先生から、「息子君、図工の授業で、質問をしたんです」とご報告をいただきました。
「あらすごい!息子は質問ができるようになった!」と喜んだのも束の間。
「質問ができるのは素晴らしいのですが、先生が作業の説明をしている最中だったので…」と困りごとを教えてくださいました。
そのため、「先生の説明がまだ終わっていません。だから、話を最後まで聞いてから質問にこたえます」と先生は伝えてくださり、息子も理解できたそうです。
説明の最中の質問は、ちょっとまずい、ですよね。
以前の私なら、「最後まで話を聞けないのかな?」と思っていました。
ですが、今では「今聞きたい」のではなく、「今聞かないと忘れてしまう」のかもしれない、と考えられるようになったのです。

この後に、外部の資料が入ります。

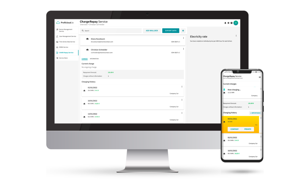 Phoenix Contact E-Mobility Produkte: Der Charge Repay Service auf einem Desktop-PC und einem Smartphone

家で何気なく見ていた息子の姿にも、少し違う意味が見えてきました。
今、息子はRPGゲームのキャラクターや名前、属性などをまとめることに夢中です。
以前は「好きだから書いているんだな」と思っていました。
ですが今振り返ると、頭の中に入ってきた情報や興味を、自分なりに整理する時間でもあったのかもしれないと思うようになりました。
WISCを受けたことで、一番変わったのは息子を見る私の視点でした。
「忘れる」という行動だけを見ていた頃には見えなかった息子の姿が、「なぜ、この行動になるんだろう」と考えてみることで、少しずつつながって見えるようになったのです。
目の前の困りごとだけを見ていても、本当の理由が見えてこないこともあると思います。
だからこそ私はこれからも、「なぜ、この行動になるのだろう?」という視点を大切にしながら、息子と向き合っていきたいです。